I can't believe you guys. Aura-Auta-Aura..... Trying all you can to pump it up as the greatest dang paint ever invented all along taking his attention from what the real pro's use. Shame on you people. We all know the BEHR is specially formulated with the latest in space age ultraviolet ultra-hiding bonding polymers that is guaranteed and will last a lifetime. So to answer the OP, Behr is the only paint you should ever need for any project. Your welcome


----------



## vermontpainter (Dec 24, 2007)

With yellow, if you cant see it from outer space, its not solid yet.


----------



## ReNt A PaInTeR (Dec 28, 2008)

Ok that's it  I think the guys at homedepot hijacked Lambrecht account?


----------



## Lambrecht (Feb 8, 2010)

ReNt A PaInTeR said:


> Ok that's it  I think the guys at homedepot hijacked Lambrecht account?


 They offered a free 5'er in the color of my choice for the positive plug on PT I will give 10 bucks to anyone that will take it.


----------



## RH (Sep 7, 2010)

Lambrecht said:


> They offered a free 5'er in the color of my choice for the positive plug on PT I will give 10 bucks to anyone that will take it.

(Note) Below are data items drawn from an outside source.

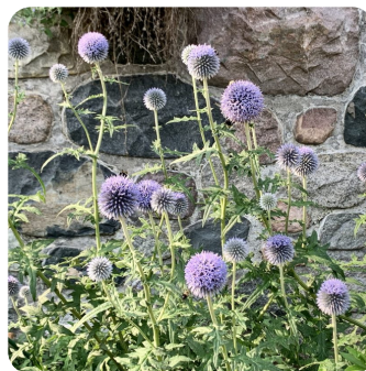
Flowers in sunken garden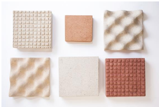
Figure 5. Small material samples and test pieces, sizes 5 x 5 cm and 10 x 10 cm.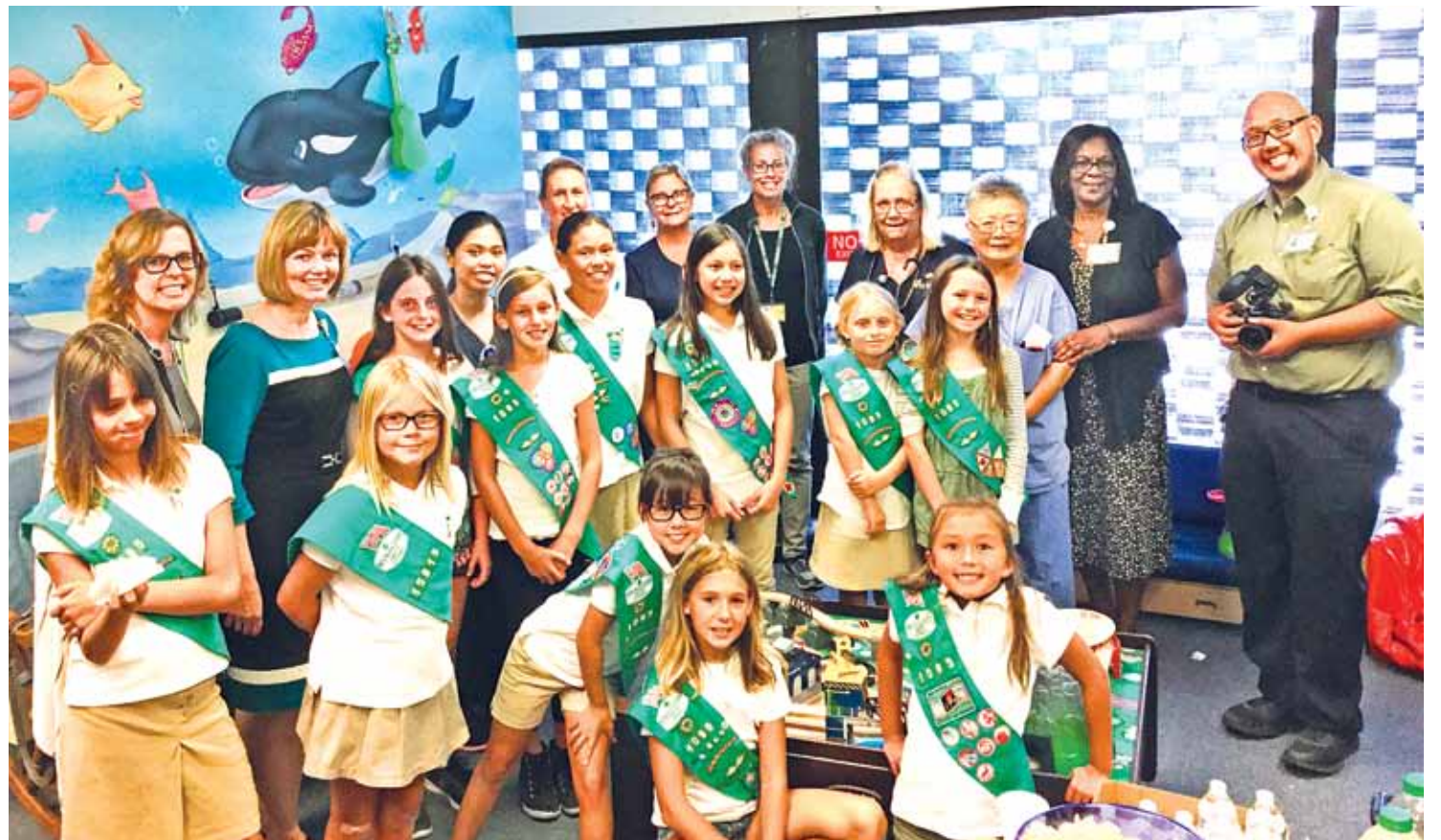
Torrance Girl Scouts used a portion of their cookie sale proceeds to host a special party to celebrate Torrance Memorial Medical Center pediatric nurses for all the care and compassion these wonderful professionals provide to help children overcome illness. Nurses were gifted "survival kits" to bring cheer to those who have the big job of caring for Torrance Memorial's young patients. In the photo, Torrance Memorial Medical Center staff and clinicians pose with Girl Scout Troop 1095 during the appreciation visit. •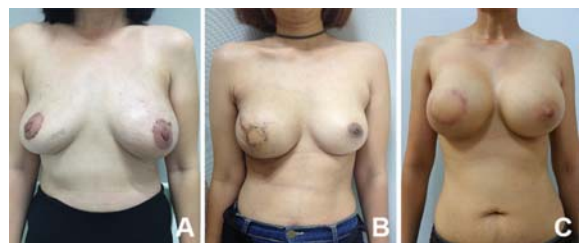
Fig. 4 Postoperative results after LD flap with prosthesis in three patients. A) Results at 1 month after right NSM and LD flap with prosthesis, anterior view. B) Results at 3 months after right SSM and LD flap with prosthesis, anterior view. C) Results at 6 months after right SSM and LD flap with prosthesis, anterior view.

formation. Quantitative data was divided into two categories using cut-off values determined by the Yuden Index, or the mean and median, as appropriate. Risk factors with p -value smaller than 0.10 from a univariable analysis were entered in a multivariable logistic regression model, with backward stepwise selection, to identify the final best set of independent risk factors.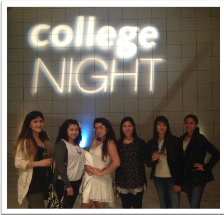
A sharp-looking group of program participants pose for a shot at the Getty Center.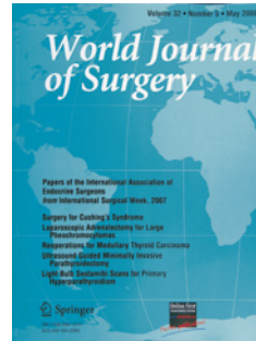
The World Journal of Surgery

As a member of the ISS/SIC, you are entitled to full-text online access to World Journal of Surgery as well as other selected journals published by Springer. Please be advised that the username and password you have used to access World Journal of Surgery on Springer-Link has expired on April 30, 2008. You should in the meantime have received information from Springer Verlag to continue your online access uninterrupted. To access this secured content, you need to have an individual account registered in SpringerLink. The Administrative Office will be happy to inform you of the exact procedure and your token identification. Please contact surgery@iss-sic.ch .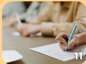
11 OCIA FIRST INFORMATIONAL MEETING @ 6 PM SJA HALL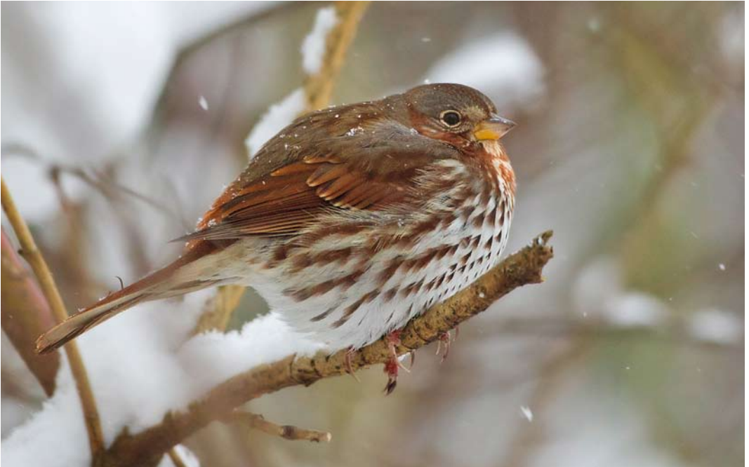
84 Fox Sparrow / Roodstaartgors Zonotrichia iliaca , Haapsula, Estonia, 14 December 2012 (David Monticelli)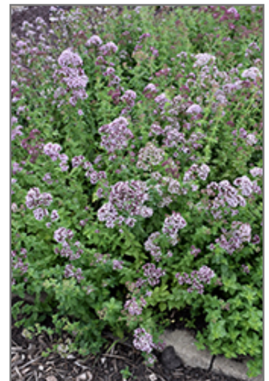
Oregano flowers

Hope you got a bright red...
:no::shutup::no:


----------



## chrisn (Jul 15, 2007)

Lambrecht said:


> They offered a free 5'er in the color of my choice for the positive plug on PT I will give 10 bucks to anyone that will take it.


 
no thanks


----------



## chrisn (Jul 15, 2007)

Lambrecht said:


> I can't believe you guys. Aura-Auta-Aura..... Trying all you can to pump it up as the greatest dang paint ever invented all along taking his attention from what the real pro's use. Shame on you people. We all know the BEHR is specially formulated with the latest in space age ultraviolet ultra-hiding bonding polymers that is guaranteed and will last a lifetime. So to answer the OP, Behr is the only paint you should ever need for any project. Your welcome


Just a few adjetives used in their shameless promotion( beside what you already posted)

Premium
Plus
Ultra
Extra -High Performance
Made withh Advanced NANOGUARD Technology

that nanoguard stuff just make me want to :blink:


----------



## Westview (Jul 23, 2011)

You're contract said two coats so you have the right to charge extra for the third coat. You do not work for free. Some yellows wont cover after 5 coats. I warn clients now when they want to use a yellow paint. Even if you use a tinted primer, you will never get full coverage with some yellows. The boxing affect wont go away.


----------



## RH (Sep 7, 2010)

Amish Elecvtrician said:


> Yellow is the devils' spawn of paint colors ....
> 
> Yet, I had no problem getting good, one-coat coverage of my beige/tan house siding (ACB shingles) with a moderate yellow paint.
> 
> Paint was S-W "A100," not their best. Application was by sprayer. I expect that the sprayer let any differences 'even out,' without the obvious differences in coverage that can happen with 'hand painting' methods.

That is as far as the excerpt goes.